Below, locate the line that contains "La inversión en". Repeat exactly from that line to the line that contains "Após a votação, simbólica, parlamentares", inclusive, leaving out the pictures.

RECORDS SHOWN ▸
BEGIN

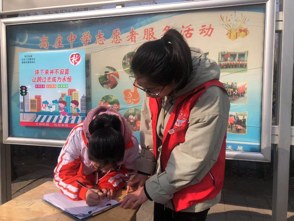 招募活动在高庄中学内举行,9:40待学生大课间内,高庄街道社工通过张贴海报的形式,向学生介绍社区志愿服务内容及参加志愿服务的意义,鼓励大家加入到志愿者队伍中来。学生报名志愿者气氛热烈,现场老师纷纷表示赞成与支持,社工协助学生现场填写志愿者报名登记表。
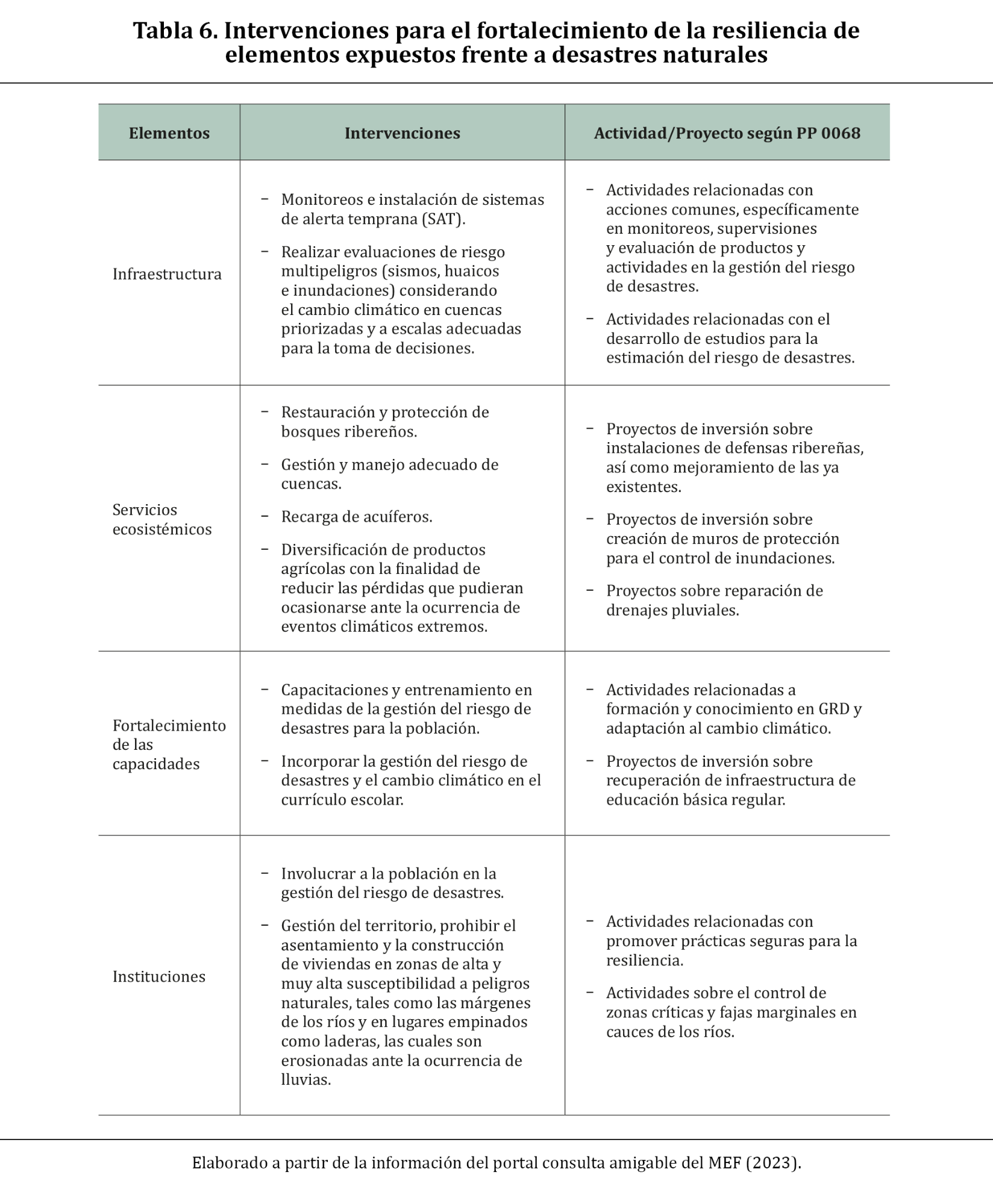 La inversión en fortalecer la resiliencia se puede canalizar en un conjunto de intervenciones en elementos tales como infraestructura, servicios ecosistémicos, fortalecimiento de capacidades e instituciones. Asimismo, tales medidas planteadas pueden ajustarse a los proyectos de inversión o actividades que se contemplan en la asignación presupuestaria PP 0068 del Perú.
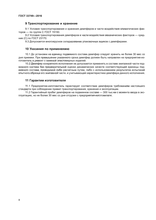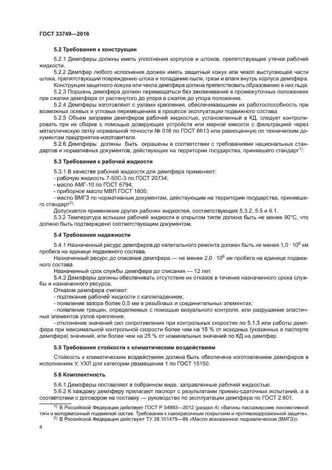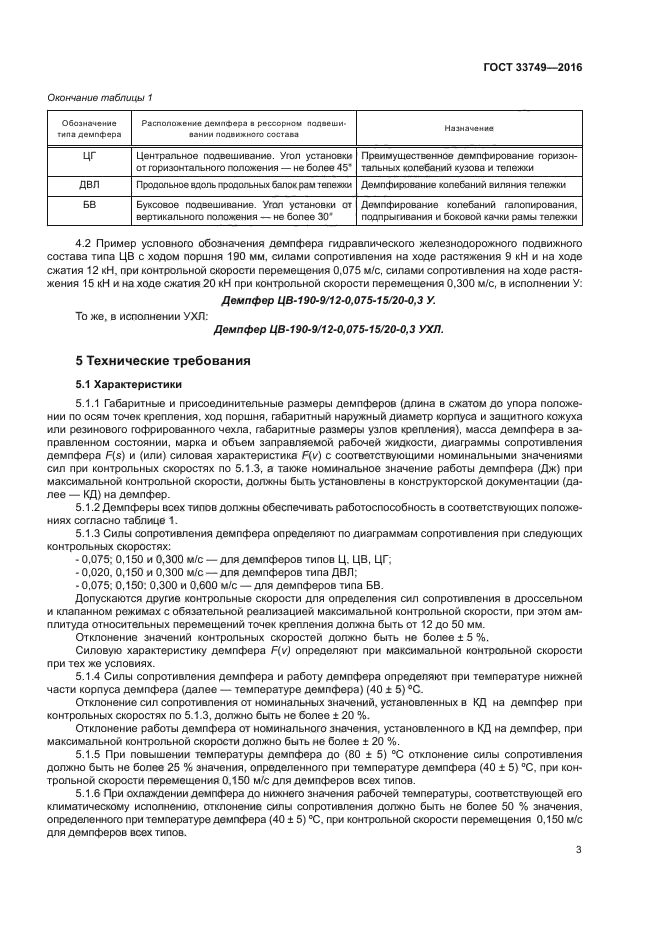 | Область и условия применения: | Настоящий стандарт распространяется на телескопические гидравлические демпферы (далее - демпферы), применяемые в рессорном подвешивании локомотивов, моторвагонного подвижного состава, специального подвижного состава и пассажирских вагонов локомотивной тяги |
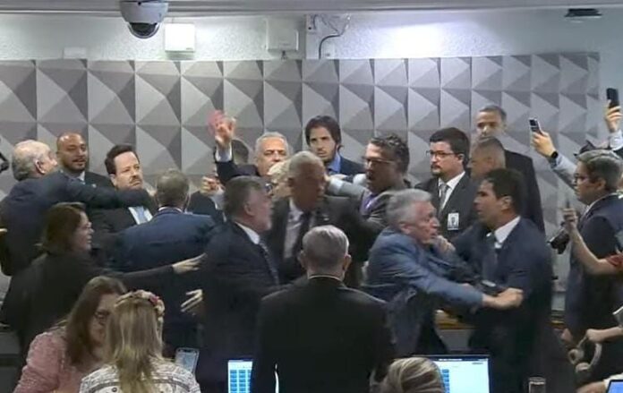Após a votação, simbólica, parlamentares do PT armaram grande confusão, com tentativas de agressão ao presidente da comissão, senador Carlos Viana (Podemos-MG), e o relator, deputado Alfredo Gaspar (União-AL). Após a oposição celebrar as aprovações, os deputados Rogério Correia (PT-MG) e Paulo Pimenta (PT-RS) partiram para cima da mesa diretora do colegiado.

END
BEGIN

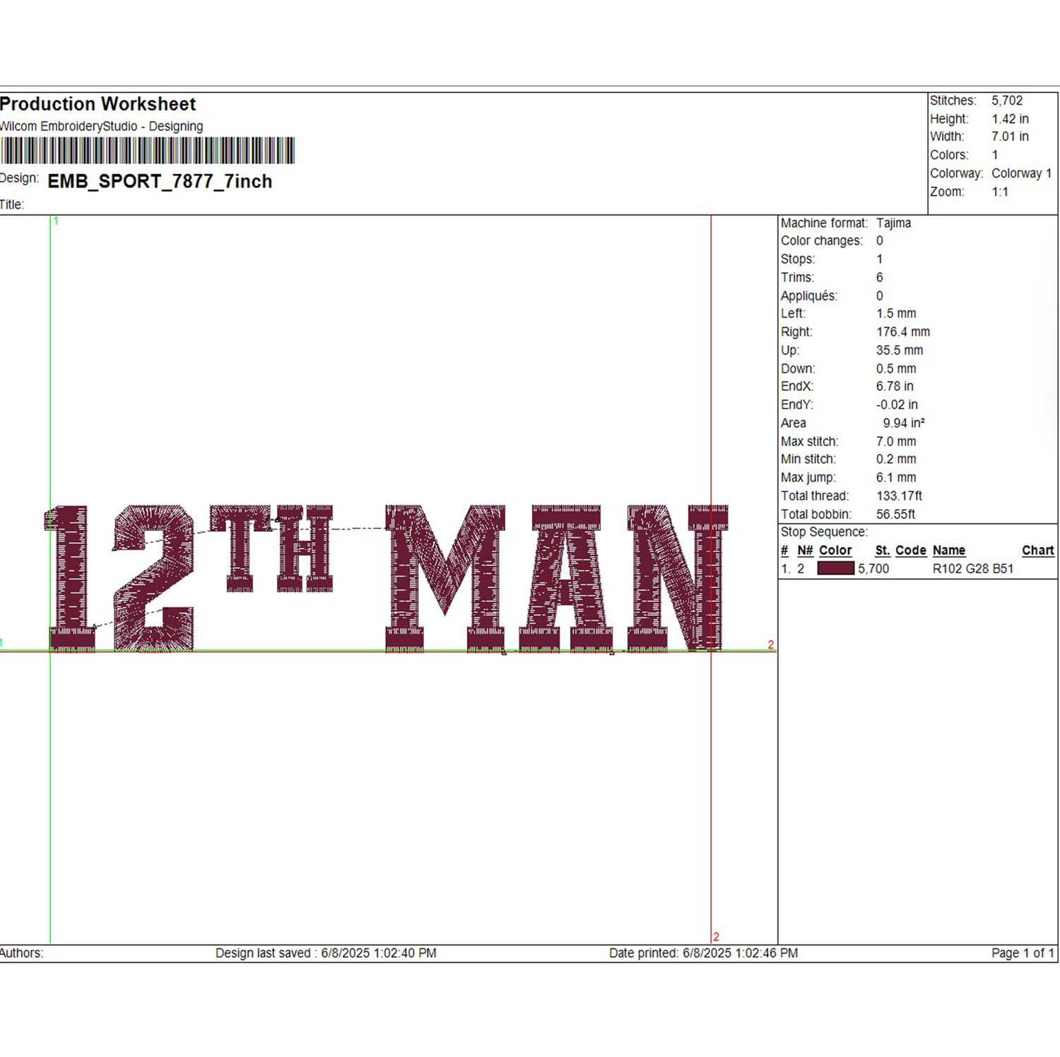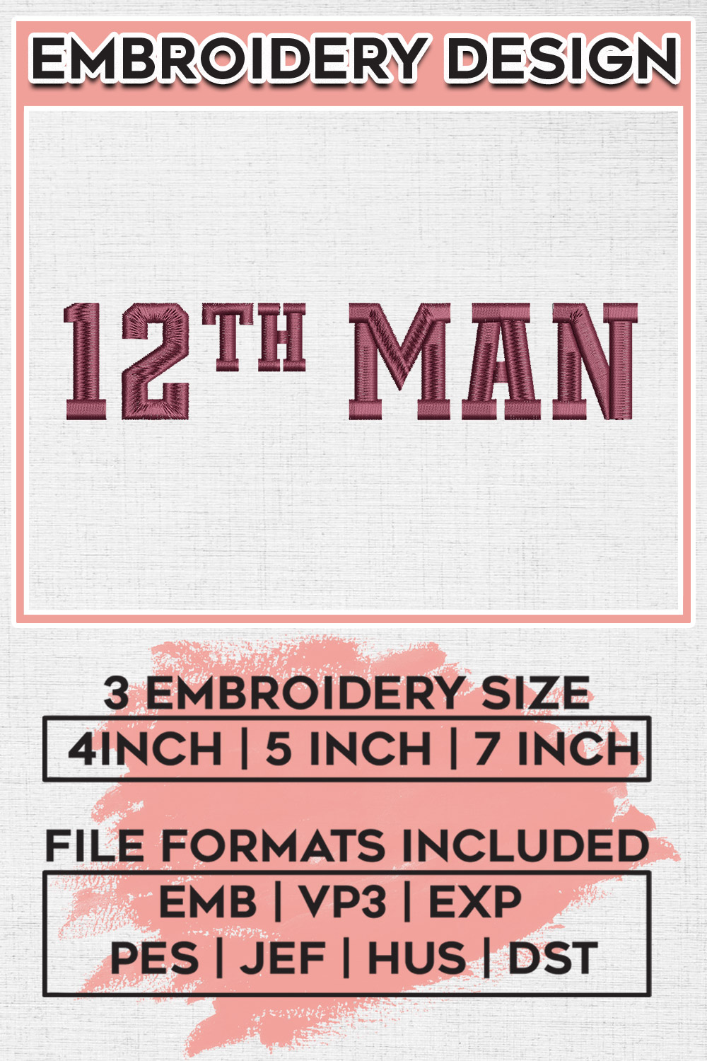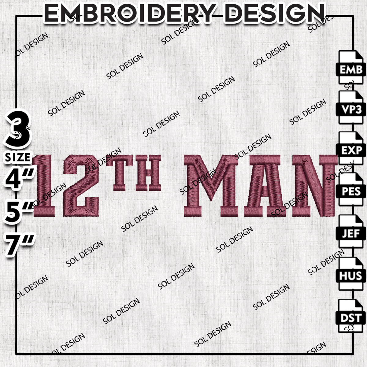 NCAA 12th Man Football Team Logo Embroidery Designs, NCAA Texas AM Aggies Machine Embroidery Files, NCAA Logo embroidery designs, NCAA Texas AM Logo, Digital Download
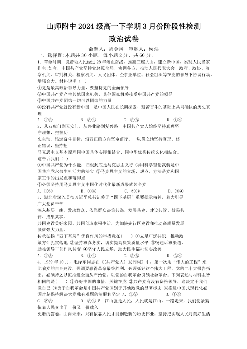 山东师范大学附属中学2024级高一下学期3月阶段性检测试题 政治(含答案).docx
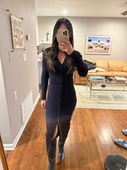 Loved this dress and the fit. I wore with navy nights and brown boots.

END

TASK OUTPUT ▸
 La inversión en fortalecer la resiliencia se puede canalizar en un conjunto de intervenciones en elementos tales como infraestructura, servicios ecosistémicos, fortalecimiento de capacidades e instituciones. Asimismo, tales medidas planteadas pueden ajustarse a los proyectos de inversión o actividades que se contemplan en la asignación presupuestaria PP 0068 del Perú.
 | Область и условия применения: | Настоящий стандарт распространяется на телескопические гидравлические демпферы (далее - демпферы), применяемые в рессорном подвешивании локомотивов, моторвагонного подвижного состава, специального подвижного состава и пассажирских вагонов локомотивной тяги |
Após a votação, simbólica, parlamentares do PT armaram grande confusão, com tentativas de agressão ao presidente da comissão, senador Carlos Viana (Podemos-MG), e o relator, deputado Alfredo Gaspar (União-AL). Após a oposição celebrar as aprovações, os deputados Rogério Correia (PT-MG) e Paulo Pimenta (PT-RS) partiram para cima da mesa diretora do colegiado.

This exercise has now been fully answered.